3Le recueil qui nous intéresse ici est constitué de quatre chapitres, issus de conférences données par Pauline Clochec entre 2018 et 2021. Le premier chapitre (« Transition et mouvement trans : s’émanciper du genre ou par le genre ? ») interroge la position des personnes trans au sein du système de genre à partir de la question de la reconduction ou de la subversion de ce système ; le deuxième chapitre (« Nos identités sont-elles politiques ? ») est une critique de la mise au centre de l’identité dans les luttes trans depuis les années 1990 ; le troisième (« Savoirs trans et savoirs médicaux : le cas des hormones ») s’intéresse au conflit d’expertise entre les médecins et les personnes trans autour des traitements hormonaux de substitution ; le dernier (« La métamorphose pensable : trois théories du changement de sexe ») présente les trois paradigmes ayant façonné la prise en charge médicale des transitions, des années 1910 à nos jours : le paradigme transvestite, le paradigme transsexualiste et le paradigme transidentitaire. La critique de ces trois paradigmes entraîne la proposition d’un quatrième modèle : celui du consentement éclairé. L’ensemble de ces textes permet donc à la philosophe d’élaborer une théorisation et une politique matérialistes de la « transsexuation » et d’ainsi concevoir le changement de sexe comme une trajectoire sociale plutôt que comme un fait psychologique. Un matérialisme, donc, qui rompt véritablement avec le paradigme « transsexualiste » qui domine encore aujourd’hui les pratiques médicales et dont la dimension psychologiste s’est aussi installée dans les discours militants trans depuis les années 2000.
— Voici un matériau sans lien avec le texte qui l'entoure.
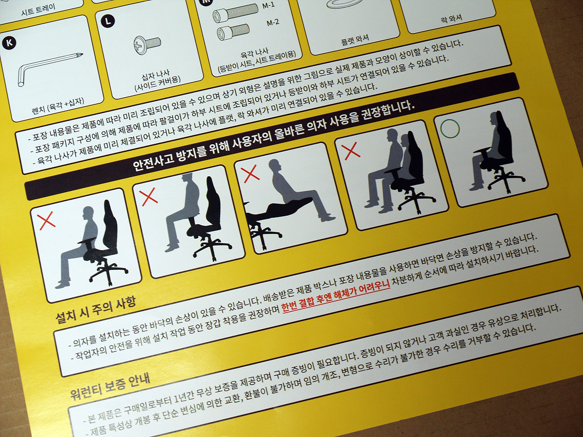 조립 설명서는 단계별로 쉽게 설명이 되어있습니다. 주의사항에도 있지만 설치하는 동안에는 박스를 이용해서 바닥을 보호하는 게 좋습니다. 그런데 진짜 저 그림처럼 저렇게 앉는 사람이 있을까요?

Le paradigme transvestite (1910-1950)
4La quatrième et dernier chapitre est peut-être le plus important de ce recueil : on y trouve en effet une histoire critique des trois paradigmes de prise en charge médicale des transitions, qui révèle les continuités idéologiques et pratiques qui les caractérisent. Cette histoire, souvent peu ou mal connue, est essentielle puisqu’elle permet de comprendre la généalogie des revendications contemporaines des mouvements trans.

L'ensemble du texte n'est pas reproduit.